Дон Хуан секунду глядел на меня — он как будто совсем не был удивлен моему появлению, хотя прошло уже больше двух лет с тех пор, как я приезжал последний раз. Он положил руку мне на плечо, улыбнулся и сказал, что моя внешность изменилась — я стал толстым и мягким.

Я привез ему экземпляр своей книги. Без всяких предисловий я вынул ее из портфеля и вручил ему.

— Эта книга о тебе, дон Хуан, — сказал я.

Он взял ее и одним движением пролистал страницы, как если бы это была колода карт. Ему понравился зеленый цвет суперобложки и формат книги. Он ощупал переплет ладонями, пару раз повернул его и затем вручил мне книгу обратно. Я почувствовал могучий прилив гордости.

— Я хочу, чтобы ты взял ее себе, — сказал я. Тихо засмеявшись, он покачал головой.

— Лучше не надо, — сказал он и добавил с широкой улыбкой: — Ты знаешь, что мы в Мексике делаем с бумагой.
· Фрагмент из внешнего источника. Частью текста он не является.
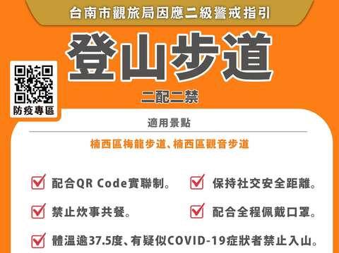 南市觀光旅遊局局郭貞慧表示,園區景點放寬部分之管制措施包括放寬虎頭埤、雙春、德元埤及葫蘆埤等園區之人流由500人調整為1000人,水火同源則維持100人,並開放景區涼亭及座位區;禁止用餐則放寬調整為禁止共餐;另外餐廳內用依據本府經發局指引辦理;而虎頭埤風景區之太陽能船則加入服務行列,於楠西區梅嶺梅龍及觀音二條步道登山步道部分則開放景觀平台供遊客休憩空間;同時戶內、外原規範之5人、10人群聚之限制也調整成戶外100人、室內50人。於市府觀旅局其餘登山步道包含東山區獅額山步道、楠西區梅峰古道、南化區紫竹步道,因近日山區大雨,會再進一步盤整安全評估後,未來也將加入開放行列,南化區龍湖步道則因為近期大雨沖刷,步道及欄杆部分受損,規劃進行災修開口修復後再開放;而在龜丹溫泉體驗池冷、熱水區泡腳池部分,則配合委外業者規劃,在之後降級時,規劃納入服務行列。

Я рассмеялся. Его ирония показалась мне прекрасной.

Мы сидели на скамейке в парке небольшого городка в горном районе Центральной Мексики. Абсолютно никакой возможности дать ему знать о моем намерении посетить его у меня не было, но я был уверен, что найду его, и нашел. Я провел в этом городе совсем немного времени, и дон Хуан спустился с гор — я нашел его на рынке, у прилавка одного из его друзей.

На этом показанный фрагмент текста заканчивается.